AES as a System of Equations

AES (and its small scale derivatives) is a symmetric block cipher where the block is represented by the state, which is further divided into sub-blocks. AES is also an example of an iterated substitution-permutation network where one iteration is split into three stages (Shannon 1949). The first stage is a local nonlinear transformation (substitution) of the sub-blocks of the state. This transformation is performed by the SubBytes operation — the S-box is locally applied to each sub-block in order to substitute its value, while the mutual positions of the sub-blocks are left intact. This stage provides so-called confusion. The next stage is a global linear transformation of the state. This is performed by the ShiftRows and MixColumns operations, which are linear transformations over \(\mathrm{GF}(2^e)\), and which also change the mutual positions of the sub-blocks. This stage provides so-called diffusion, which tries to distribute the output bits of the S-boxes in the current iteration to as many S-box inputs as possible in the next iteration. The last stage is the addition of the key.

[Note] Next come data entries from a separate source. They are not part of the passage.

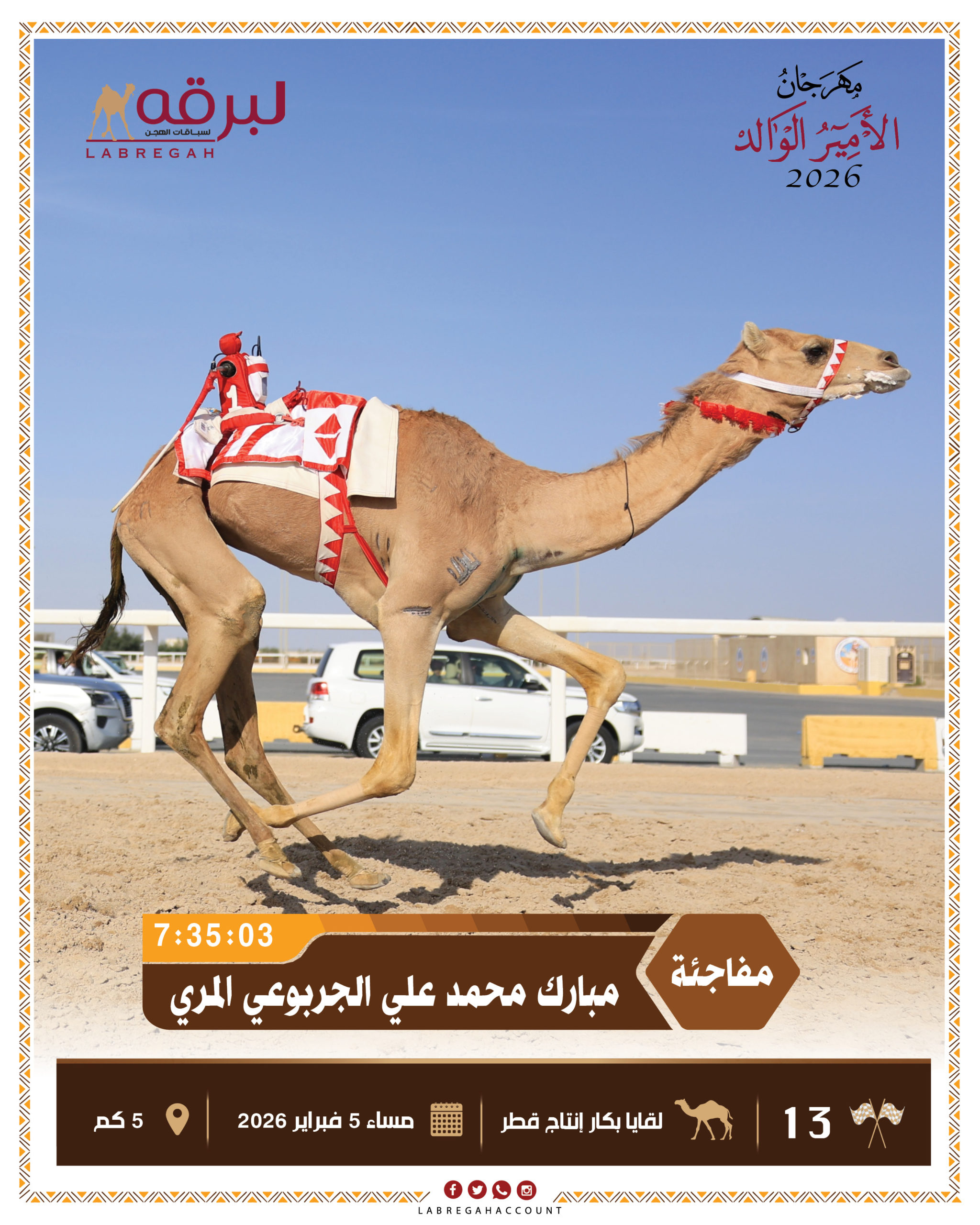 | الثالث عشر | 1 | مفاجئة | مبارك محمد علي الجربوعي المري | 7:35:03 |
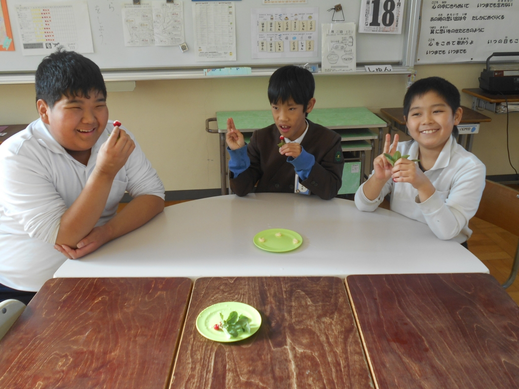 ひまわり学級では、授業参観での発表会の練習をしました。その後、11月に種をまいて育て、収穫した二十日大根をおいしくいただきました。
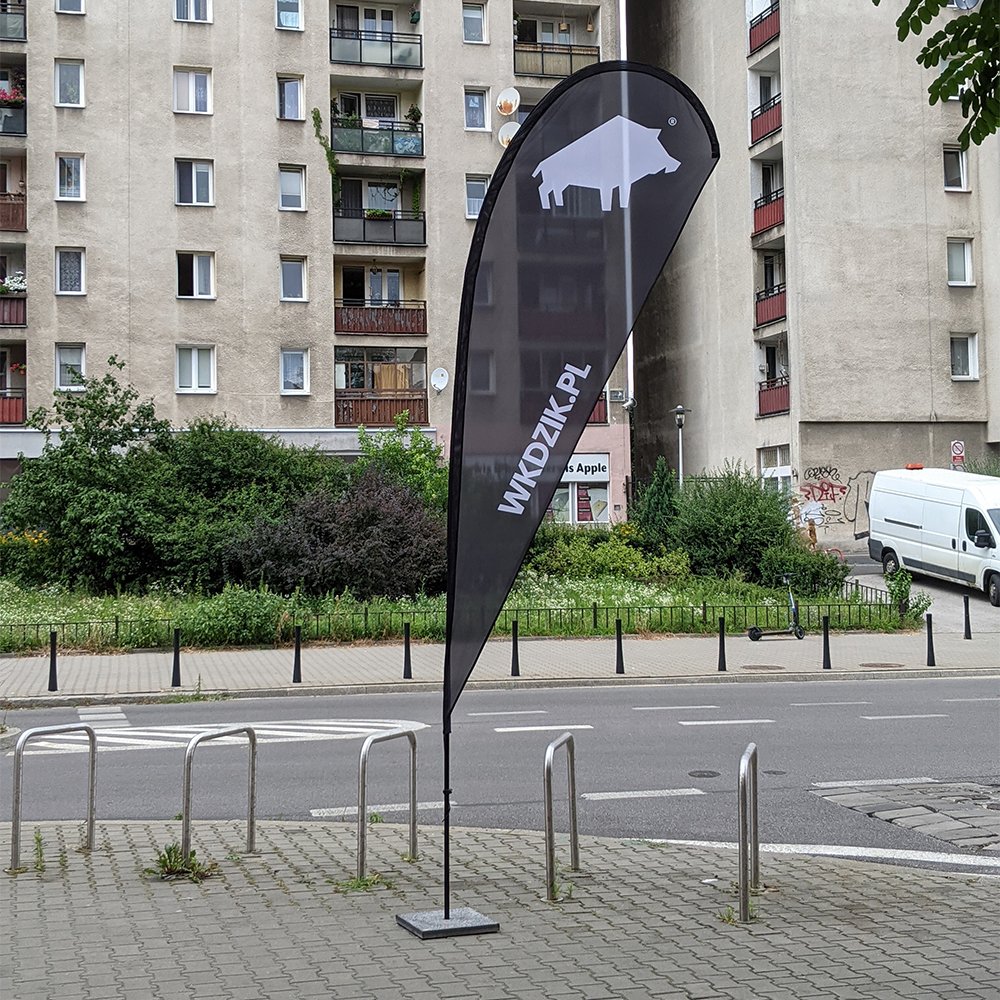 Żagiel reklamowy Slim Half Maxi jest okazałą flagą z nadrukiem, wyróżniającą się z tłumu. Nazwa Maxi wskazuje, że mamy do czynienia z największym rozmiarem i tak jest faktycznie. Komplet składa się z flagi o wymiarach 1,3 x 3,5m, która wraz z masztem osiąga wysokość 4,35m. Stojący żagiel reklamowy sięga więc już standardowego pierwszego piętra i pozwala górować nad głowami przechodniów. Tak okazałe elementy, wyróżniające się są wyjątkowo często stosowane podczas imprez handlowych, wystaw, a także na plażach i dużych przestrzeniach otwartych, gdzie są widoczne z dużych odległości. System jest składany i to do rozmiarów pozwalających na jego łatwy transport samochodem, co jest również jego atutem. Jego rozłożenie trwa średnio kilkanaście minut.
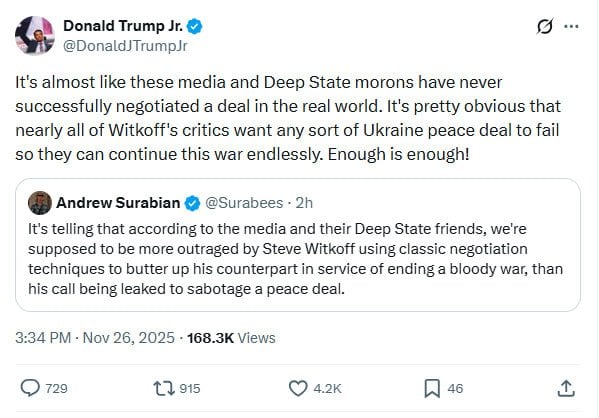«Складається враження, що ці медійні та „глибокі державні“ ідіоти ніколи успішно не домовлялися про угоду в реальному світі. Цілком очевидно, що майже всі критики Віткоффа хочуть, щоб будь-яка мирна угода з Україною провалилася, аби вони могли продовжувати цю війну нескінченно. Досить — це вже досить!», — написав він.
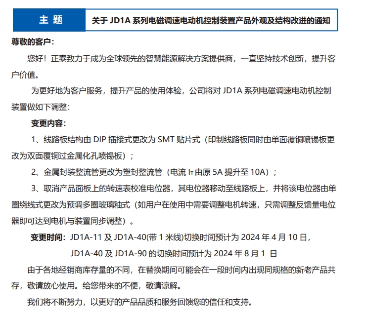 關(guān)于 JD1A 系列電磁調(diào)速電動機控制裝置產(chǎn)品外觀及結(jié)構(gòu)改進的通知
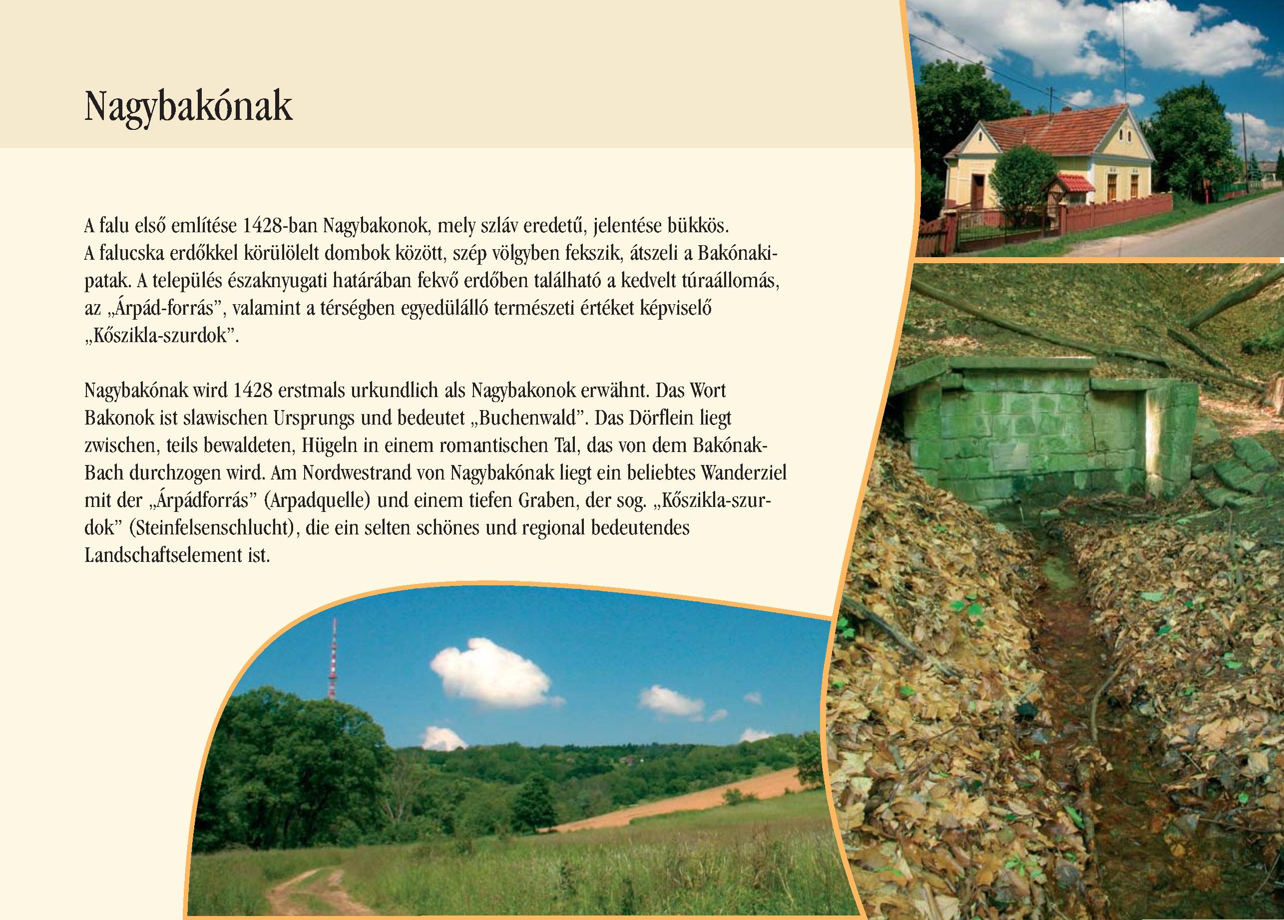Nyilvános 2752 | 9979 | Nagybakónak | Nagybakónak wird 1428 erstmals urkundlich als Nagybakonok erwähnt. Das Wort Bakonok ist slawischen Ursprungs und bedeutet ,,Buchenwald". Das Dörflein liegt zwischen, teils bewaldeten, Hügeln in einem romantischen Tal, das von dem Bakónak-Bach durchzogen wird. Am Nordwestrand von Nagybakónak liegt ein beliebtes Wanderziel mit der ,,Árpádforrás" (Arpadquelle) und einem tiefen Graben, der sog. ,,Kőszikla-szurdok" (Steinfelsenschlucht), die ein selten schönes und regional bedeutendes Landschaftselement ist. Dieses Text stammt von: Pannonhát tájpark prospektus 2006. Web: http://www.pannonhat.hu/ (auch in Deutsch) |
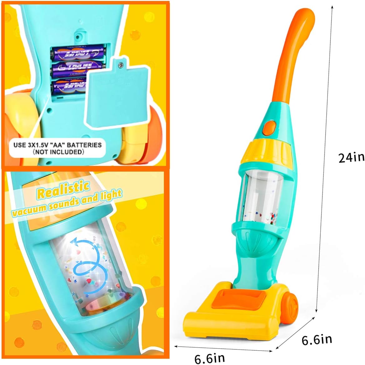 This kids vacuum cleaner toy dimensions: Height:24 in,Length:6.6 in,Width:6.6 in, adjustable angle design, which is just the right size for kids ages 3+ to grasp and handle easily
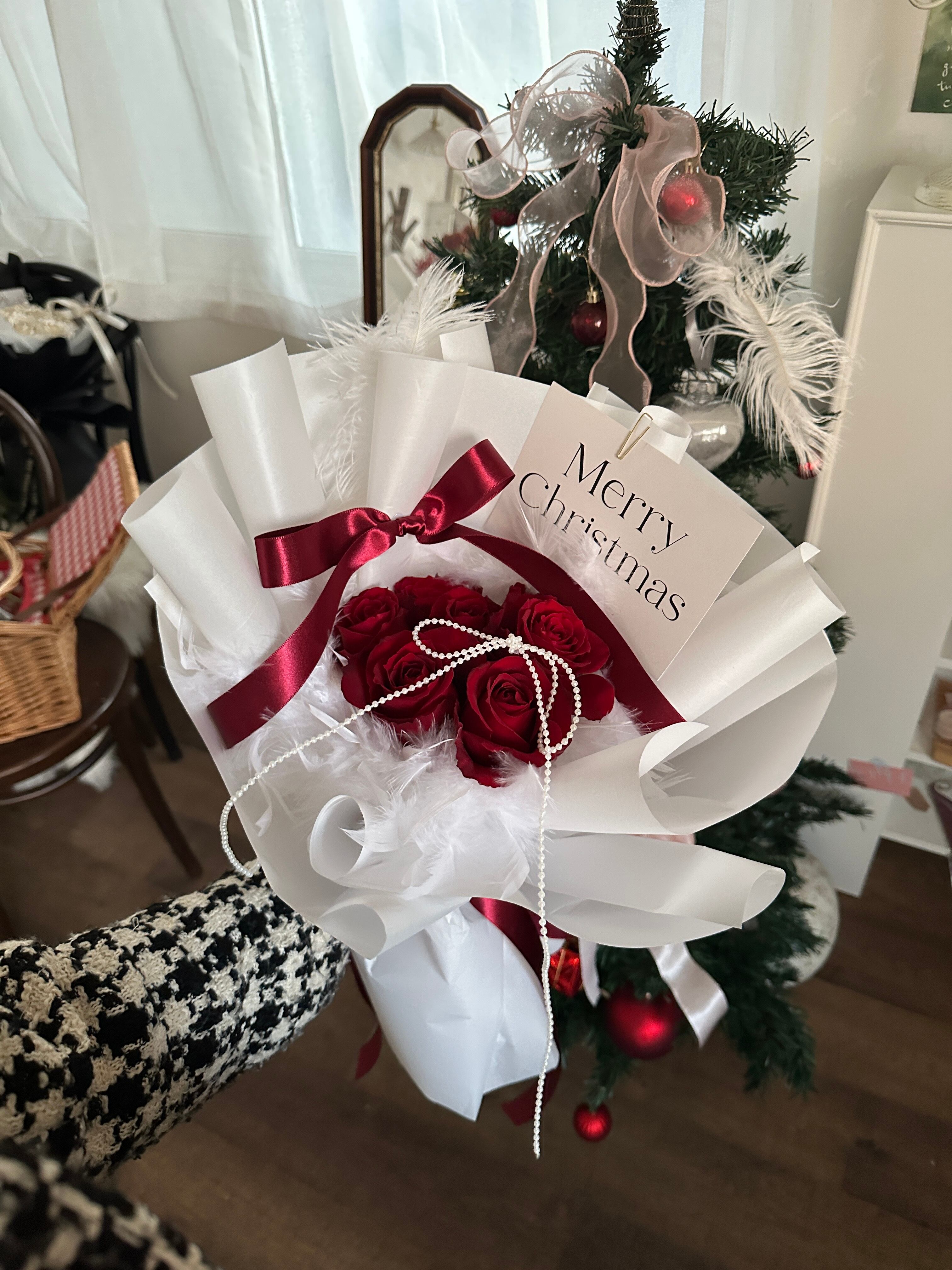 生花の赤バラ7本とフェザーを使ってラッピングしたクリスマスブーケです♪

We now model AES and its scaled-down variants as a system of multivariate polynomial equations over \(\mathrm{GF}(2)\). We focus mainly on \(\mathrm{SR}(n, 2, 2, 4)\) and derive a system of equations for this cipher. A solution to this system provides the encryption key. Other scaled-down derivatives can be modeled in the same way, including AES itself. We use one ciphertext with its corresponding plaintext for our model. Our method therefore comes under the known-plaintext type of cryptanalysis.

Non-linear Equations

Consider the inversion part of the S-box. We have \(bc = 1\), where \(b \in \mathrm{GF}(2^e)\) is the input and \(c \in \mathrm{GF}(2^e)\) is the output of the S-box. This equation holds unless \(b = 0\), in which case we have \(b = c = 0\) and we say that a 0-inversion has taken place. The probability of a 0-inversion occurring is \(\frac{1}{16}\) when \(e = 4\) and \(\frac{1}{256}\) when \(e = 8\), so the probability of no 0-inversion occurring is \(\frac{15}{16}\) and \(\frac{255}{256}\), respectively. However, these probabilities hold for a single application of the S-box. In \(\mathrm{SR}(n, 2, 2, 4)\), there are four applications of the S-box per round during encryption, so the probability of no 0-inversions occurring during encryption is \((15/16)^{4n}\). There are also two applications of the S-box per round during the key schedule, so the probability of no 0-inversions occurring during the key schedule is \((15/16)^{2n}\). We presume statistical independence of the 0-inversions.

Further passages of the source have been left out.